つまり、この自由を有意義にするためには、不自由、つまり、自由な制約、束縛を自らつくらなければならないということである。自由は不自由な束縛があって、自由なのである。
この制約や束縛は、以前の会社勤めのときの、他から与えられるものではなく、自ら与えるものである。心地よい制約、束縛である。例えば、朝は7時に起きる。禊ぎをする。朝食を取る。トイレにいく。1日一度は外に出る。12時までに床に就く等‥自らの制約・束縛を課すのである。これが生活の枠組みになり、この枠組みで生活していくことになる。束縛があることによる自由である。

この枠組みの中には、週3日の道場稽古が入り、毎月ドイツに送る論文を2編書いている。それに合気道の論文を毎週4編書いているので結構忙しい。
当初の時間的な不安はなくなったのはいいが、以前より忙しくなり、生活の密度が濃くなり、生きているという実感と喜びを持つことができたようである。

今度は高齢者として、以前よりいい、以前にはできなかったことをして、高齢者時代で楽しみたいと考えている。
まず、会社関係や経済社会の目を気にしなくともいい生き方ができることである。人に迷惑を掛けない限り、もう遠慮することはないのである。髪、服装、履物、食べ物、趣味などなど好きにできる。

好きにやるためには、自己規制が必要になる。自己規制がなくて、好き勝手にやれば、メチャクチャ、支離滅裂になってしまい、決して満足することはできないはずである。
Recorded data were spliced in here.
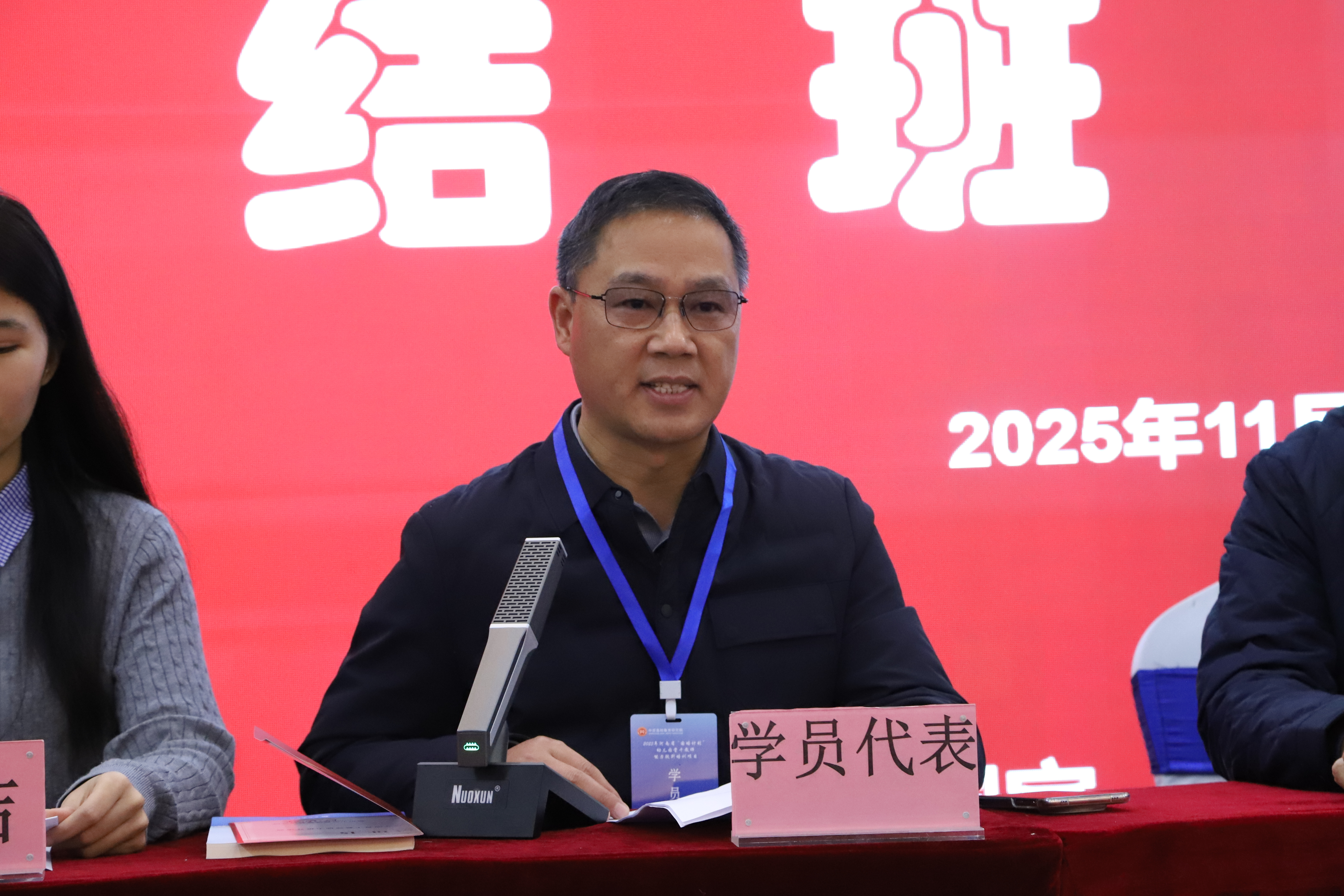 学员代表王怀波在发言中,代表全体学员向主办方研究院、专家导师及班主任表达诚挚感谢。他表示,此次培训为学员们提供了宝贵的学习平台,专家们的专业指导和班主任的悉心关怀为高效学习提供了坚实保障。他坦言,这次培训是一次重要的成长契机,结业不是终点,而是教育实践的新起点。全体学员将把所学理念和方法带回工作岗位,努力成为会观察、勤思考、有温度的幼儿教师,用专业与爱心助力幼儿在自主游戏中健康成长。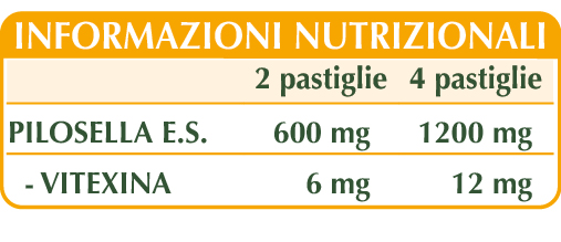 Pilosella (Hieracium pilosella) erba E.S. (titolato all’1% in vitexina), maltodestrine da mais o riso, cellulosa microcristallina°, gomma arabica°, silicio biossido°°, magnesio stearato di origine vegetale°°.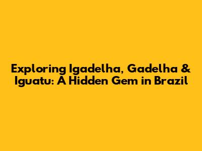 Hey guys! Ever heard of Igadelha, Gadelha, and Iguatu? These aren't your everyday tourist hotspots, but trust me, they're totally worth checking out if you're looking for an authentic Brazilian experience. Nestled in the state of Ceará, Brazil, these places offer a unique blend of culture, history, and natural beauty that you won't find anywhere else. Let’s dive into what makes each of these spots so special, giving you the lowdown on why they should be on your travel radar.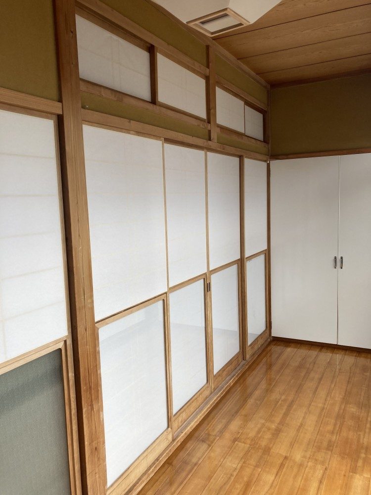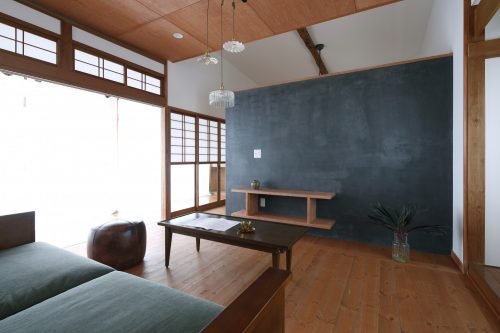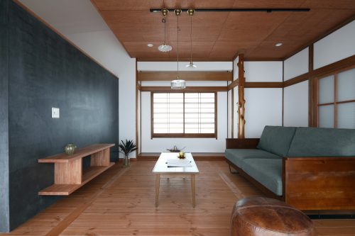 元々のお家が持つ和の雰囲気を活かしたリノベーションを心がけた。間取りは大きくいじっていないが、ワンルームタイプの空間だったためTV台の間仕切り壁を寝室スペースとリビングスペースの境にした。リビング側はアクセントになるようにモルタル調に見えるモールテックスを使用した。床は無垢材を使用し、家の雰囲気を引き立てながら足触りのいいものを選定した。障子や、柱、和室の元々の長押等はそのまま利用した。レトロな照明がお好きとのことだったので、リビングの天井にはレールを通し、小さな照明器具を多灯吊りして雰囲気を出した。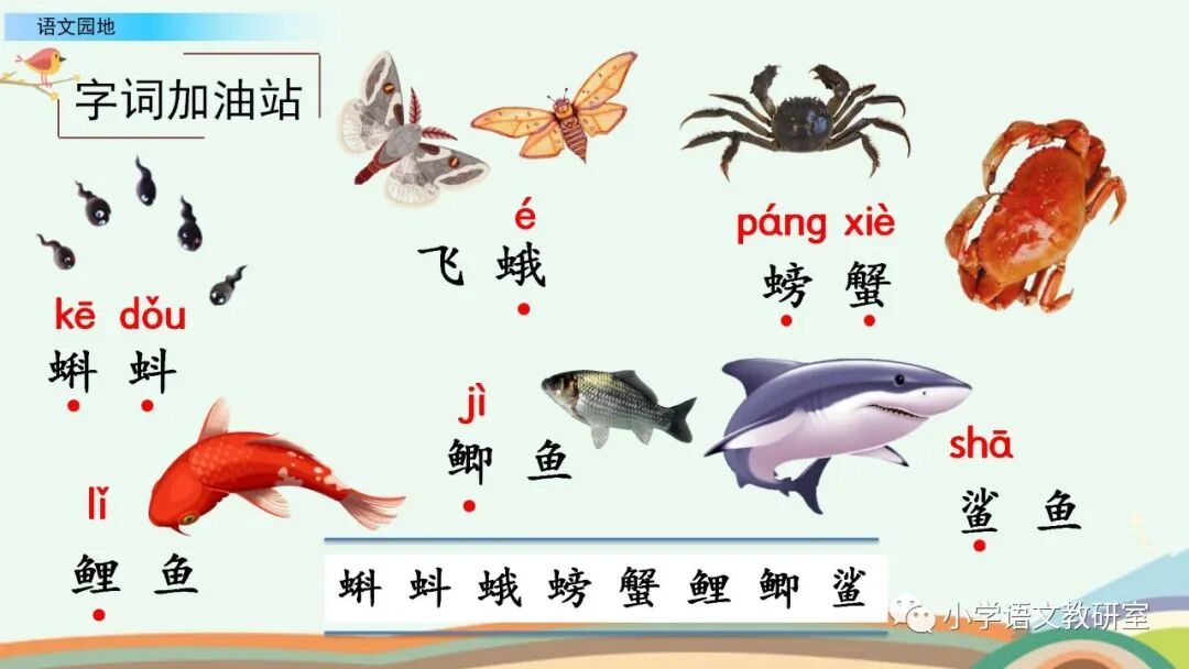 蝌、蚪、蛾、螃、蟹、(虫字旁)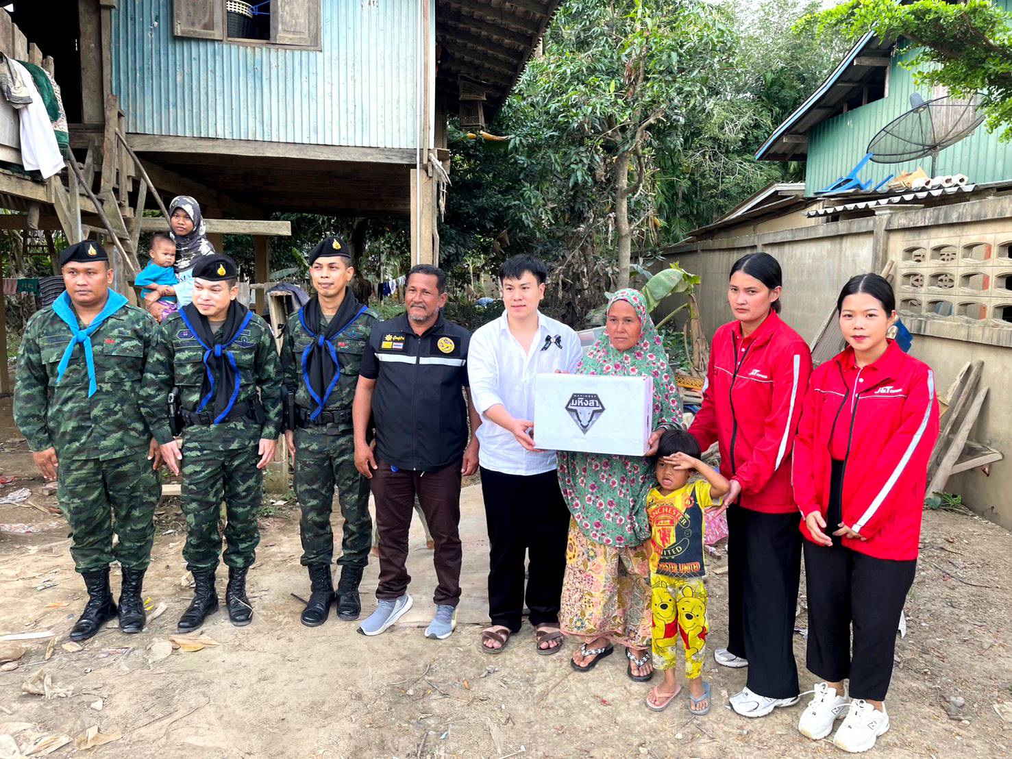 ในครั้งนี้ เจแอนด์ที เอ็กซ์เพรส ร่วมกับภาคีเครือข่ายภาคสังคม อาทิ สมาคมเพื่อนนักดำน้ำสายรุ้ง ภาคประชาชน และภาคเอกชน จัดส่งอาหาร น้ำดื่ม ยาและเวชภัณฑ์ เครื่องนุ่งห่ม รวมถึงของใช้จำเป็นจำนวนมาก เพื่อช่วยเหลือประชาชนในอำเภอสะบ้าย้อย และพื้นที่ใกล้เคียง จังหวัดสงขลา โดยบริษัทฯ สนับสนุนด้านการขนส่งและการบริหารจัดการโลจิสติกส์ เพื่อให้ความช่วยเหลือเข้าถึงพื้นที่ได้อย่างรวดเร็วและมีประสิทธิภาพ โดยมีหน่วยทหารเฉพาะกิจ ฉก.40 เป็นผู้แทนรับมอบ พร้อมด้วยทีมงานเจแอนด์ที เอ็กซ์เพรส และผู้แทนจากสมาคมเพื่อนนักดำน้ำสายรุ้ง ร่วมลงพื้นที่แจกจ่ายสิ่งของแก่ผู้ประสบภัยในพื้นที่ด้วยตนเอง

好き勝手にやるための自己規制として、まず、やるなら、ベストをつくすこと、集中することである。緊張を伴う、自分との挑戦となる。これまでのような他人の目ではなく、自分との戦いである。他人は誤魔化せても自分は誤魔化せないから、自分に勝つのは容易ではない。

仕事、買い物、食べ物、お洒落でも、自分で最高の仕事をし、その状況(財布の中身や持てる量等)で最高のモノを買い、最高のモノを食べるようにする。若い頃のように、早くてそこの浅い仕事をしないよう、また安さをもとめたモノを求めないということである。とりわけ、年を取ってくると食べ物は淡泊、着るものはラフで単調なものになりがちなので、出来るだけ上を狙っていくべきだと思っている。それ故、もし迷ったらば、上のものを選ぶと決めている。

若者は着るものに気を使わなくとも、どんなものを着ても様になる。それは若さが補うからである。高齢者は容姿が衰え、外形的な魅力は薄れてくる。着るものによって補うのが無難なのである。お洒落な高齢者は魅力的で、見惚れてしまい、自分もそうなりたいと思う。

しかし、知恵や経験が本当に豊かならば、この見えないもので、高齢の容姿を包み込み魅力的な人間に見せる着ものとなるはずである。
こうなりたいところだが、これは容易でないようなので、取り敢えず、着るもので補うことにした方がいいと考えている。
最近は、若い頃には着ることがなかった和服を着るようにした。ちょっと緊張するが、周りは高齢者として見てくれているようだ。(写真)
これからは、できるだけ高齢者らしく、高齢者になったからできる生き方をしていきたいと考えている次第である。